I’ve been thinking a lot of these things since the early 90s:

I’m obviously not the only one. This is salutary.

I think there needs to be more than just this. I think we need to rein in corporations to the point where they’re in service to human beings. I think it should be illegal to run a company where a percentage share of the profit, and of the responsibility, goes to every employee. Maybe not a huge percentage, but a percentage. We like the idea of democracy: it’s time to apply it to corporate structure, too — that is, to make it an absolute condition of incorporation that corporations follow this structure — not just the votes of shareholders, but also the votes of all participants in the company. And I know whose votes should count for more.

And guess what? It’d probably wake us up to political participation again. So it’s going to be a hard fight to get that through. But it should be done.

Then again, I think the notion of solely for-profit corporations is monstrous. (Companies, like people, should not exist solely for profit.
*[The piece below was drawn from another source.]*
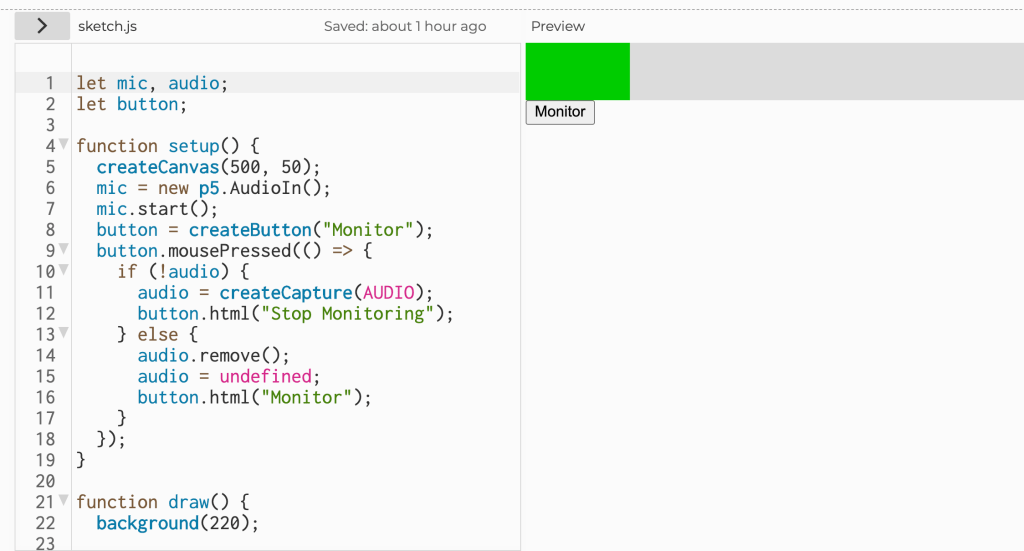 Simon has created this sound monitor to help him keep track of the sounds around him if he has his headset on. You can hear the surrounding sounds much better via pressing the “Monitor” button and stop listening to your surroundings by pressing “Stop Monitoring”: https://editor.p5js.org/simontiger/sketches/5TIWPuZW6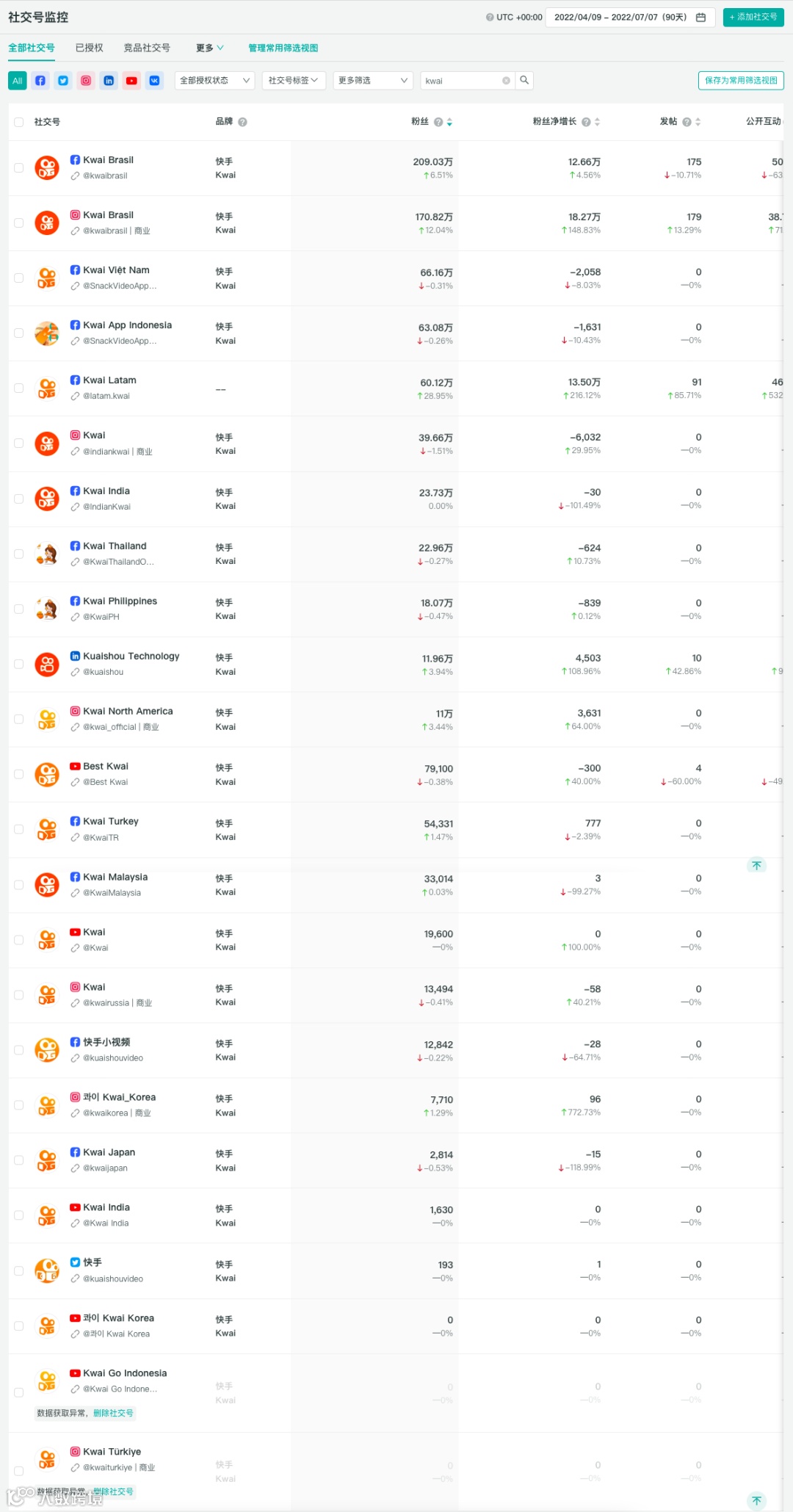 TikTok是抖音的海外品牌,Kwai是快手的海外品牌。从他们在海外社媒平台的主页分布和数据表现,可以看出各自的发展现状。

They shouldn’t have to pretend social responsibility — they should actually have social responsibilities, and serious consequences for not carrying them out.)

And, likewise, we should abandon the idea of democracy-as-voted-temporary-pseudo-monarchy, replacing it with democracy as an opt-in life paradigm. You can be a fiscal conservative or even a libertarian; you will be tax free and social safety network-denied for the next ten years. Or you can be a hybrid economy/socialist-type; opt-in and pay taxes and get benefits for the next ten years. Other systems can be devised, too.
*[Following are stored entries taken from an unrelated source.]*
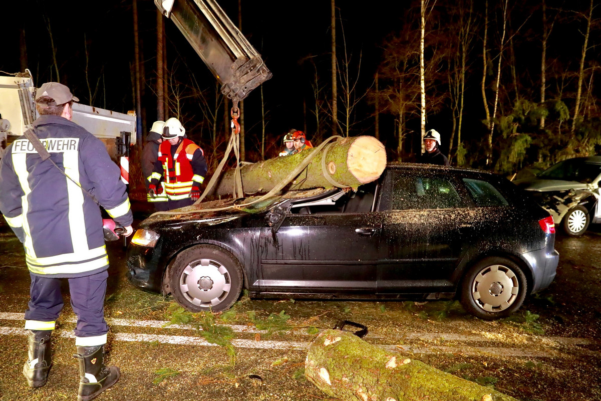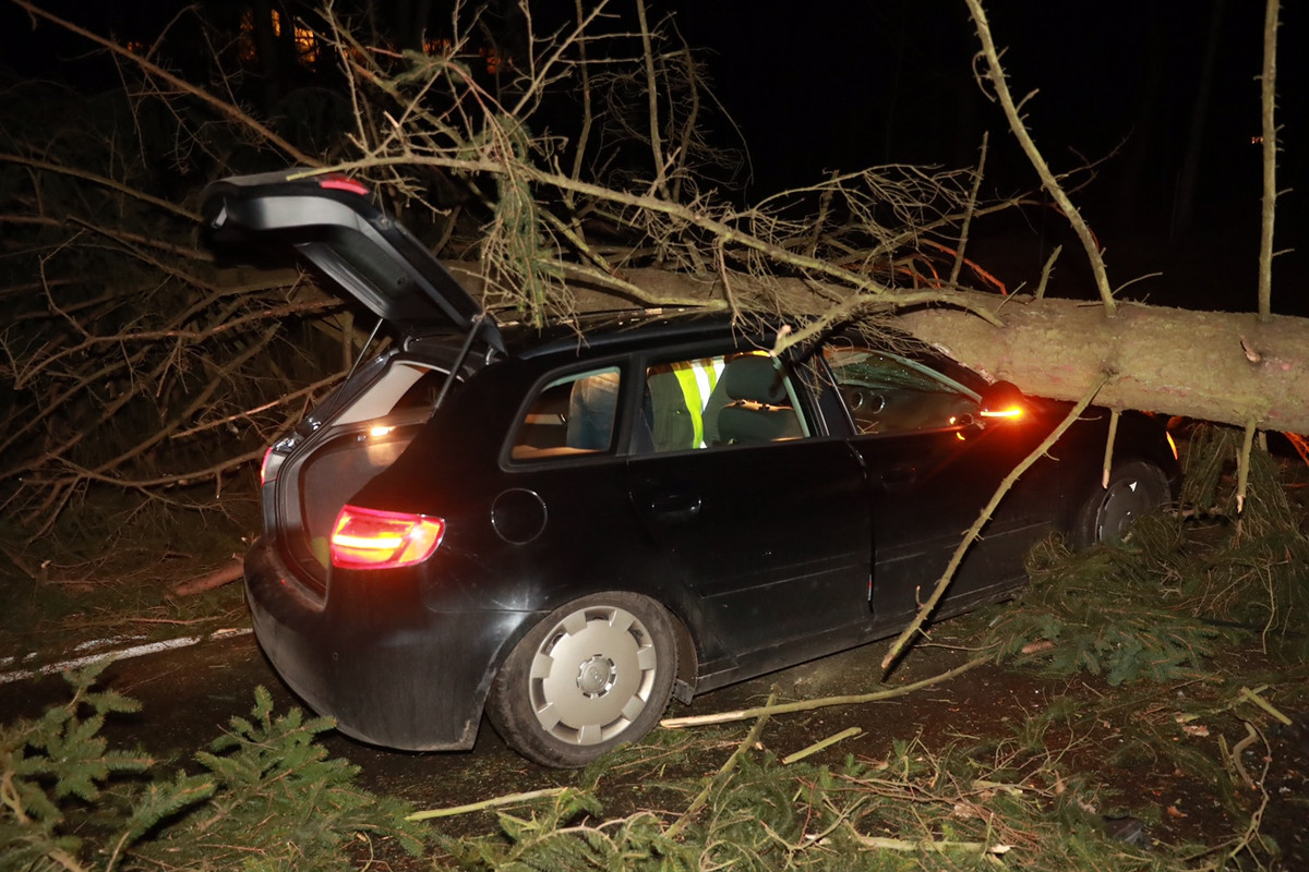 - Auf der B172 ist ein Auto in einen umgestürzten Baum gefahren. Foto: Marko Förster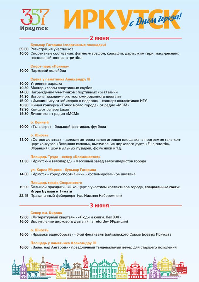 На площади у Александра III в 10.00 начнется утренняя зарядка, и далее пройдут спортивные состязания, сообщаетпресс-служба администрации Иркутска. В 15.00 запланирован концерт коллективов ИГУ «Имениннику от юбиляров в подарок», в 16.30 пройдет финал конкурса «Голос моего города» от радио «МСМ», в 18.30 – концерт рэпера Luxor и в 19.30 –дискотека от радио «МСМ».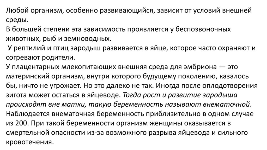 Любой организм, особенно развивающийся, зависит от условий внешнейсреды.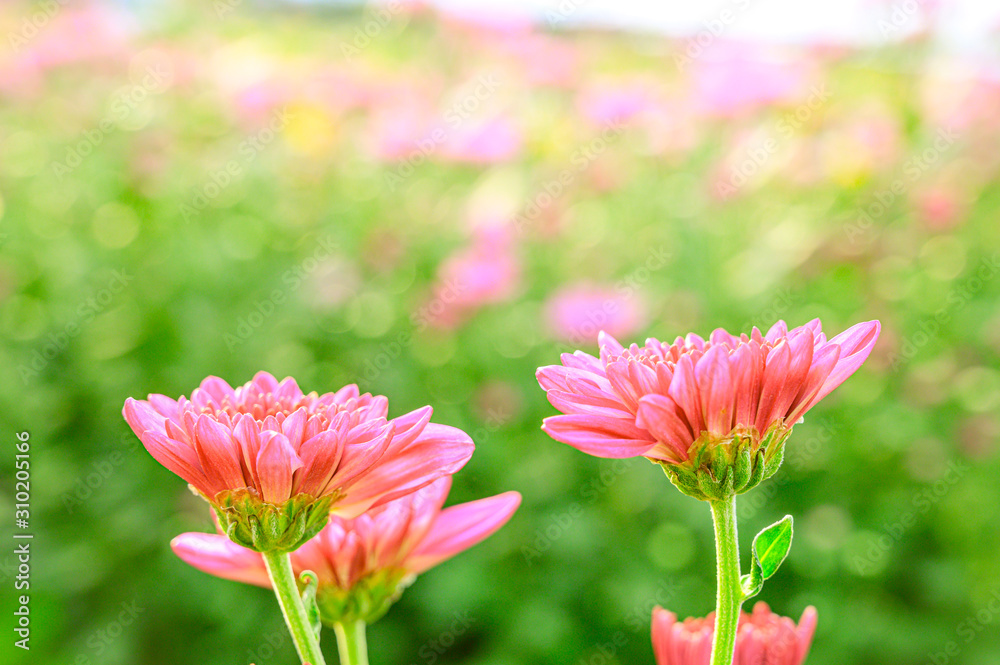 Selective focus of beautiful pink or red flower with soft blurred bokeh background.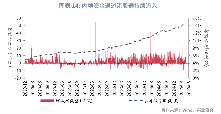 变化发生在2024年之后。据兴业研究在分析,2024年2月后AH溢价与中债利率同向变动,表明港股利率锚发生了结构性迁移,港股通持续流入背景下内地资金定价权提升。而随着港股通机制的持续深化和内地资金参与度的提升,港股的估值利率锚从“单一美元锚”转向“美债为主,中债边际定价”的双重驱动机制。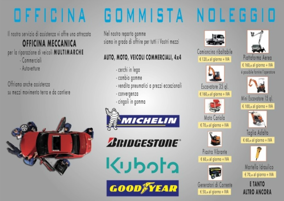 E non solo, data la versatilità dell’azienda, è presente anche un fornitissimo reparto pneumatici di marche eccellenti e a prezzi eccezionali per tutti i vostri mezzi, senza dimenticare i correlati servizi di cambio gomme e convergenza.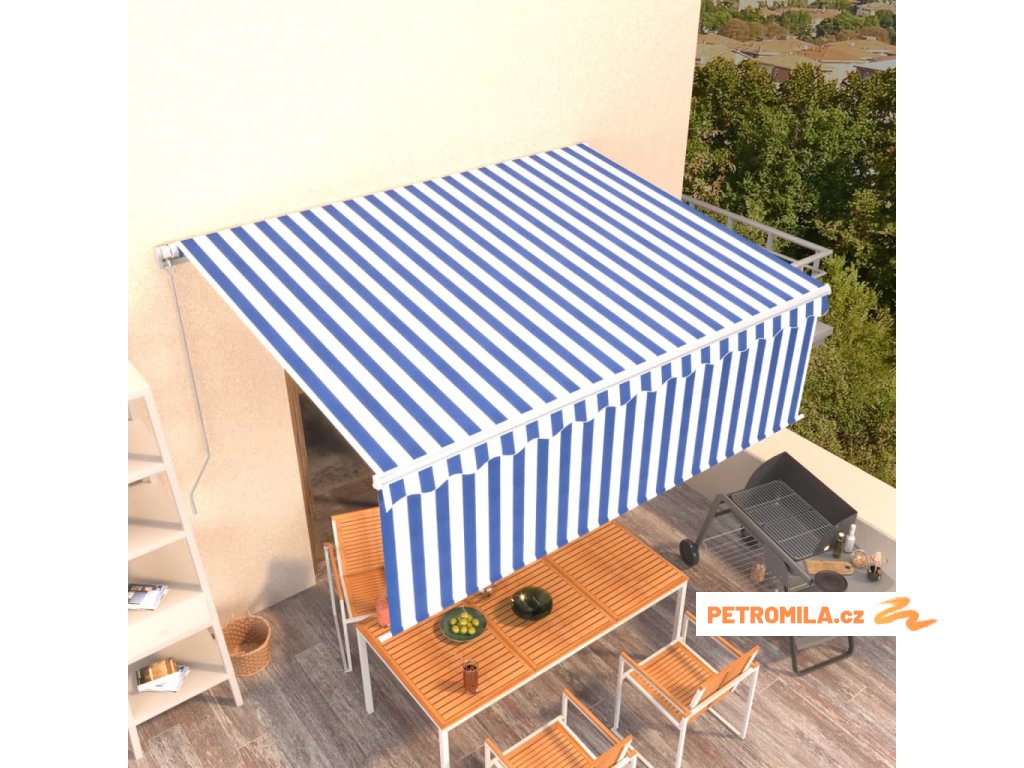Ručně zatahovací markýza s roletou 4,5 x 3 m modrobílá

Opt in, get whatever benefits you believe. Let political systems compete on the open political market, the way companies do.

But we like to pretend we’ve reached an endpoint of political and economic development. So did those folks in the Middle Ages.

They were wrong.

2 thoughts on “Movetoamend

  1. Ian of course on facebook, about how he won’t believe a corporation is a person until it is executed in Texas. What social responsibilities will corporations haves?
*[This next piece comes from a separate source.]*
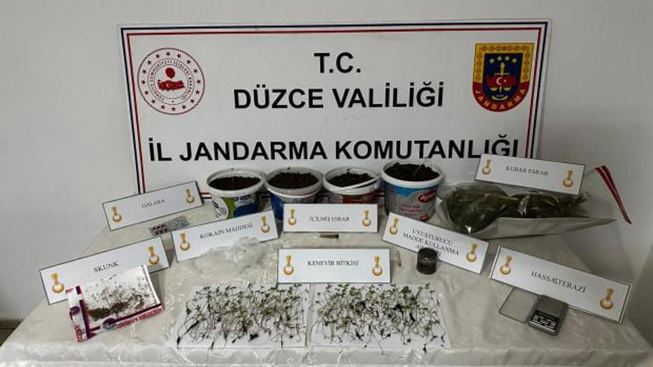 Düzce’de jandarmanın bir eve düzenlediği baskında saksılar içerisinde 225 kök kenevir bitkisi ile satışa hazır esrar, kokain ve skunk ele geçirildi. Zehir imal edip satan şüpheli yakalandı.

    I think I’d like your to write a story about democracy as a life paradigm to flesh that idea out. Right now it feels too good to be true. Our opt-in-ecoomic paradigms would certainly be monetary choices that could discourage corruption of capitalists not wanting to pay taxes. It certainly works in efficiency. However would their be a social benefit to it, beyond money? I hope it probably would if people are financially stabile enough to be build communities again. However, that would be changing the technologies we ahve to foster communities again that exist in person rather than over the internet. What would it mean to the system? And what would happen if corporations had social responsibilities? Would our society collapse if corporations could no longer make a profit that involves the extraction of reources which historically in civilizations has always been exploitative.

  2. Greg,

    Not sure I understand a lot of that — there are a lot of typos and malapropisms — but I probably will work these ideas into something or other. I’m not sure what, but I’m certainly not the first SF writer to think of next-gen poltical systems where different ideological associations crop up and coexist. Neal Stephenson’s The Diamond Age is one example, though it’s mainly about (steampunky, neo-Victorian) style in that book.

    My sense is that there would be benefits beyond money, but those would develop organically over time. I don’t think society would need to collapse, though sketching out how and why that is the case would require much more space than a mere blog comment allows. In the end, though, the point is to apply an actually democratic structure and understanding to business and economics, as well as to politics. We have, sadly, made very little in the way of progress in either of those areas, and are stuck with a conception of democracy mostly as temporary monarch-selection, albeit with somewhat (in certain ways) hobbled monarchs. It’s progress, but only a step… we can do better.